Last year I went traveling for the first time. (still waiting to get back out there) First city I got to was Lake city Fl, I'm horrible with names but I remember this real cool lady who I met at a gas station. She ended up showing me all the best spots to spange, fly signs, and sleep. She also brought me to the local soup kitchen where i met a bunch of other really cool people. Then in some other sketch as fuck town this priest i met set me up with a motel room. The following morning I left for the next town and this dude rolled up in a van and asked if i needed ride. My destination was OKC, and he was going to cali. Dude got me a fucking awesome meal at waffle house and drove me all the way out to south houston texas . Then there was this church goer, i met him after I got stuck in north houston. he kicked down 40 bucks, bought me lunch and a bus ticket to Oklahoma city. While in okie, I was in a shit situation and this awesome family took me in for like 2 weeks until I got enough money to get to my friends city. Grateful forever, never ganna forget any of those people. 
I'd say it was all beginners luck, but I'm glad i met all those people. Made my life a hell of a lot easier.


----------



## railroadron (Mar 1, 2012)

another moment where kindness has etched itself into permanent recollection was back in 1986 when i was on a piggy headed to Salt Lake city. We d pulled into Portola and off the main for some reason which meant we d probably be there for awhile. Remembering there was a place called "dry Dock" right close to the tracks that would load anyone down with groceries who stopped by. Especially those who were "through towners" as they called us. I decided to go for it and got off the train setting my gear on the ground next to the car we were all riding..of course back then it was still mostly ex WP employees who were pretty kind to us tramps back then. Coming out of dry dock just loaded down with grub I discovered the train began rolling and was heading out so I picked up the pace and reached my gear just as the crummy (caboose) was about 5 car lengths away. Setting the bags down in obvious disgust a pick up truck still bearing the WP logo pulled up and the yard worker said get in the back of the truck and I ll get you back on..following the instructions we took off and matched the speed of the train right in front of the yard office and he allowed me to transfer gear and goodies back on. That dude rocks to this day.


----------



## wizehop (Mar 1, 2012)

railroadron said:


> ..broke air and power disappeared into the frigid night. Talk about desolate!!


 

FUck man I felt that as I read it.
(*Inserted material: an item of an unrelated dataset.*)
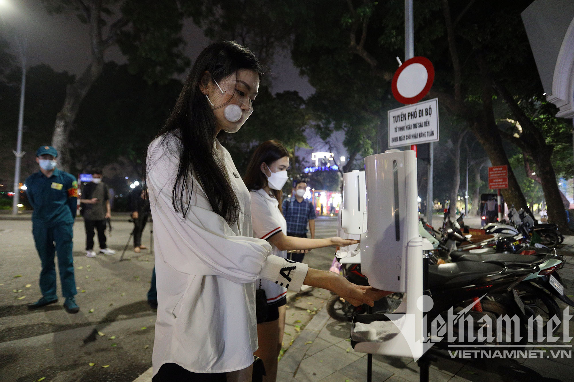 19/03/2022 15:21Nam thanh nữ tú rửa tay, xịt khuẩn dạo chơi phố đi bộ hồ Gươm

Been there a few times. worst part is wondering when you'll get out.


----------



## sparrow (Mar 5, 2012)

Shortly after rainbow nationals in '09 Ryan, Wes, and I were hitching outta OKC and got picked up by a guy and his dad in a flatbed (such a fun ride). The guy drove us to Owasso, OK, just outside of Tulsa on the other side of the Oklahoma turnpike, bought all three of us dinner, and put us up in a Best Western. The next morning, he picks us up and drives us another few hours into Missouri, feeding us the entire way. Turns out the fella was an off-duty cop and ran a street mission. A tad Rad, I must say.


----------



## soapybum (Mar 6, 2012)

Met this dude in his late 30's from arkansas, think his name was Charles, he was the epitome of a handyman. Plumbing, electric, masonry, carpentry, you name it and he was good at it, he just traveled around in his service truck doin handyman work. Was one of the few respectable people I've met on the road.


----------



## Kim Chee (Mar 6, 2012)

I've met a ton of great people on the road. Sad thing is, the memory of them isn't what I tend to remember. What I remember happens to be the crapstains I meet. 
I still appreciate all of those nice people and what they have done. Sometimes, the nicest thing I think a person can do is give me a ride.


----------



## joaquim33 (Mar 6, 2012)

i met a real nice couple in cheyenne last summer and i'm posting it on here just in case they happen to be on here and recognize themselves.
i forgot their names,
they were from roseville, had three dogs, travelling at a very slow pace, shared their granola and coconut juice with me, and then we all played music together . fella played banjo, lady played saw. then we stayed up late drinkin beer and having good conversation till i hopped out. it was a charming experience with a very sweet couple. who were you guys? will we ever meet again? i wish i'd hung out another day and we coulda busked together. fella told me to find his uncle in roseville who has a garden i could eat outta.


----------



## Rager (Mar 30, 2012)

drunk sitting on Decatur st. couple years ago..had suit kickdown 362.00 and a job if i ever come to DC and wanna settle down...made me feel like i just got done with a job interview...he said i had alot of potential and outstanding leadership qualities...that part threw me off which is why i remember it to this day...nola has its perks now n then


----------